When you walk into the Center Stage for Boston Conservatory’s Hydrogen Jukebox (music by Philip Glass on texts by Allen Ginsberg) you see a large American flag on a scrim flanked by two video screens offering a series of historical Qs and As: what is Tenochtitlan, who was Ginberg’s long-time partner, what is Iran-Contra, what is a Sandanista. Early on we see an large upstage array of fluorescent lights in the shape of the flag.

Philip Glass is persona non grata to a significant portion of the concert-going audience. I don’t feel that way: I’ve seen Einstein on the Beach twice, I’ve been to Philip Glass Ensemble concerts, I admired Koyannisqatsi and the Kentridge Satyagraha at the Met. However, I’ve also cringed through Songs from Liquid Days and The Voyage, and I sort Glass’ embarrassingly huge oeuvre into two piles: that which explains his influence on modern music history, and the misbegottens.

Six singers (on Thursday night Audrey Ballish, Hannah Carlson, Nora Burgard, Willie Casper, Kyle White and Brett Bode) and six musicians (Maggie Nobomuto and Matthew Yamada, woodwinds; James Myers and Kaitlen Barr, keyboards; and John Tyree and James Koo, percussion) worked the show under conductor Ryan Turner. The vocalists sang from memory and performed the stage business provided by director Nathan Troup.

One way to understand Glass’s popularity and persistence is to see him as part of a group that saved the cadence from the dustheap of history. A student of Nadia Boulanger, Glass walked away from Western music history to find inspiration in other places, especially in Indian ragas. His early music is fascinated with incremental rhythmic processes. But it wasn’t until after Einstein, which is underpinned with a single extended cadence, that his music found a huge audience. In the loud, amplified wash of the Philip Glass Ensemble, the inherent beauty and power of the simple cadence is magnified (some might say inflated) to heroic proportions.

Ginsberg’s poetry wrestles constantly with emotional extremity: “Howl” is the most overt realization of this, but even something like “Aunt Rose,” for all of its nostalgia and quirkiness, stretches taut skin over barely contained emotions: love, loss, shame, anger.

Hydrogen Jukebox, from 1990, sets 14 Ginsberg texts over about 75 minutes without any specific dramatic scenario. Typical of Glass, the vocal settings leave the texts alone. The music neither italicizes nor reacts to the words. They are sung at a rate slower than normal speech. There is no obvious reason for one poem to follow another.

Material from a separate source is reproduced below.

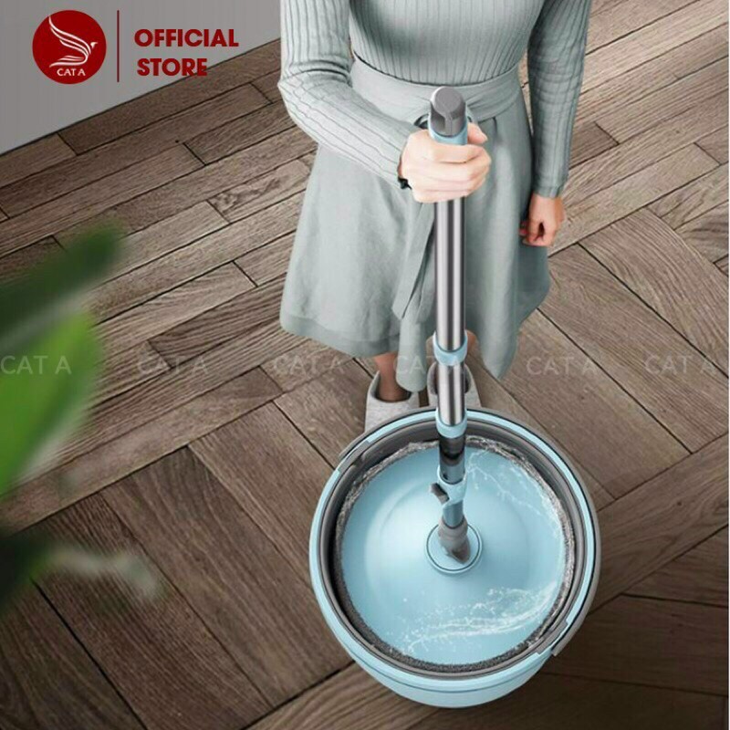 Bộ Cây Lau Nhà Xoay tay FLAT MOP [Chính hãng]Thùng chứa gọn nhẹ, nhựa PP chất lượng

Glass often collaborates brilliantly: he created powerful works with Robert Wilson and Errol Morris and Godfrey Reggio. It is no surprise that his music is frequently used for dance, whether specifically written for it or not. The relentless focus on repetition and the static nature of any single piece of his opens up room for others to respond. Or, if you’re feeling less generous, you might say that most of the time Glass’s music is incomplete, requiring some additive to justify your attention.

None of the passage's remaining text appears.